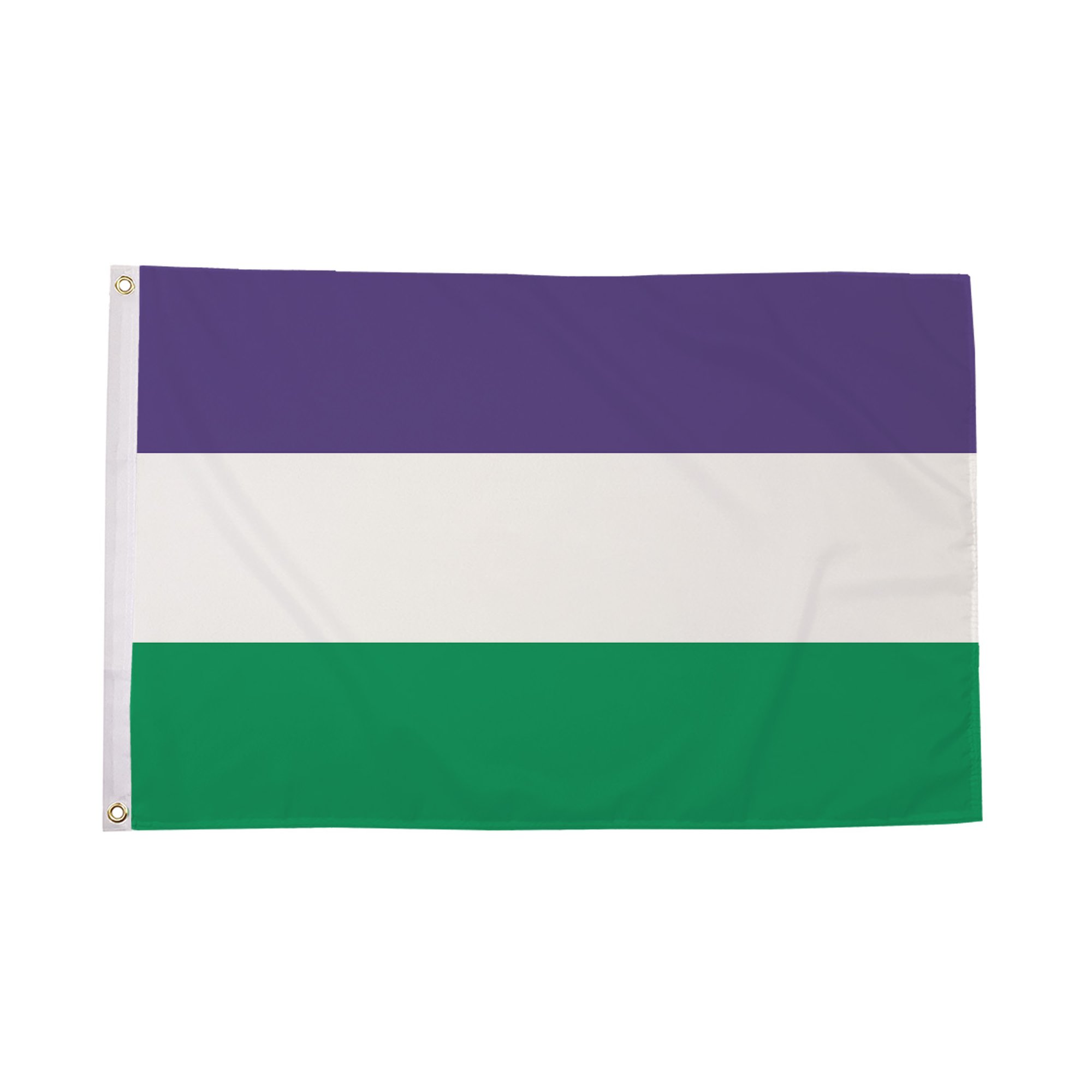 The Suffragette Flag is an important symbol of the women's suffrage movement, representing the tireless efforts of women who fought for equal voting rights. The flag features the iconic colors associated with the suffragette movement-purple, white, and green-each of which carries deep significance. Purple symbolizes dignity and the fight for equality, white represents purity and the moral force behind the suffrage movement, and green stands for hope and the desire for a better future. The Suffragette Flag is a powerful reminder of the progress made in the fight for gender equality and is perfect for display at historical commemorations, women's rights events, and educational exhibitions.
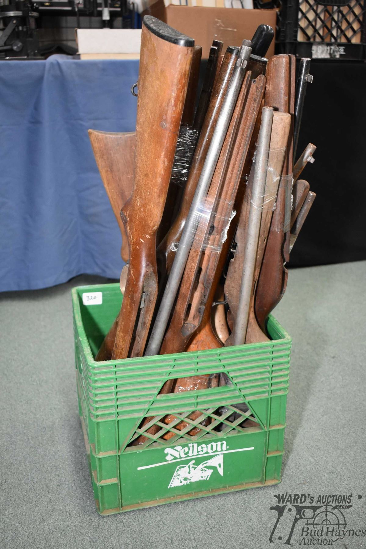 Selection of parcial gun parts including .22 barrels in single and repeater shot and matching wood for most. Note: Pal required
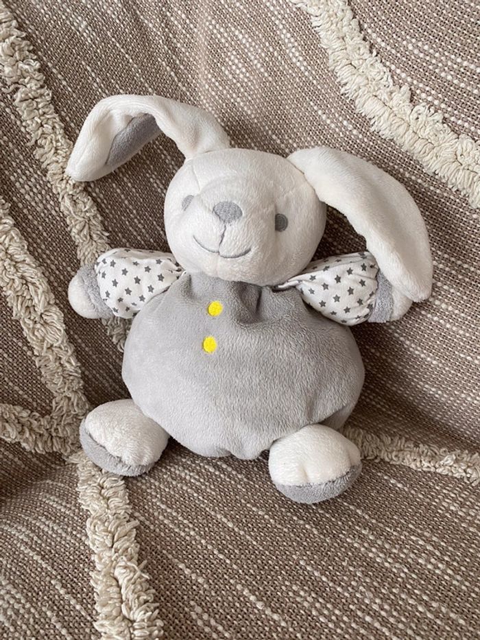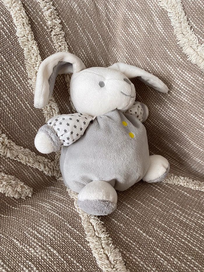 Peluche doudou boule 22cm Obaïbi lapin blanc et gris étoile très bon état - photo numéro 1
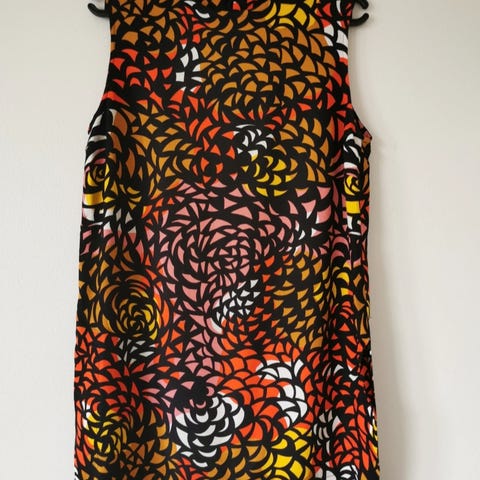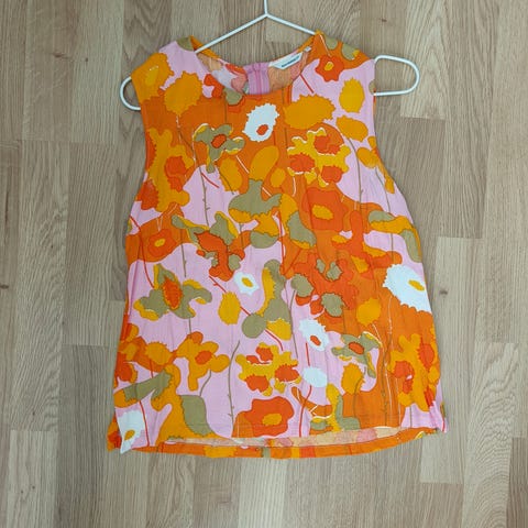 Ritva Fallan Marimekolle suunnittelema toppi. Koko on 38, mitat kainalon kohta 46 cm ja topin pituus 52 cm. Väritys punainen, kulta ja hopea, vuori punainen, sivulla vetoketju. Toppia ei ole käytetty, ainoastaan sovitettu. Kangas polyesteri-, viskoosi- ja polyamidisekoitetta, vuori viskoosia. Kuivapesu.

---+---

> [Exercise description]
Reproduce all the data as it stands. The pictures are not part of the copy.

> [Exercise result]
 The Suffragette Flag is an important symbol of the women's suffrage movement, representing the tireless efforts of women who fought for equal voting rights. The flag features the iconic colors associated with the suffragette movement-purple, white, and green-each of which carries deep significance. Purple symbolizes dignity and the fight for equality, white represents purity and the moral force behind the suffrage movement, and green stands for hope and the desire for a better future. The Suffragette Flag is a powerful reminder of the progress made in the fight for gender equality and is perfect for display at historical commemorations, women's rights events, and educational exhibitions.
 Selection of parcial gun parts including .22 barrels in single and repeater shot and matching wood for most. Note: Pal required
 Peluche doudou boule 22cm Obaïbi lapin blanc et gris étoile très bon état - photo numéro 1
 Ritva Fallan Marimekolle suunnittelema toppi. Koko on 38, mitat kainalon kohta 46 cm ja topin pituus 52 cm. Väritys punainen, kulta ja hopea, vuori punainen, sivulla vetoketju. Toppia ei ole käytetty, ainoastaan sovitettu. Kangas polyesteri-, viskoosi- ja polyamidisekoitetta, vuori viskoosia. Kuivapesu.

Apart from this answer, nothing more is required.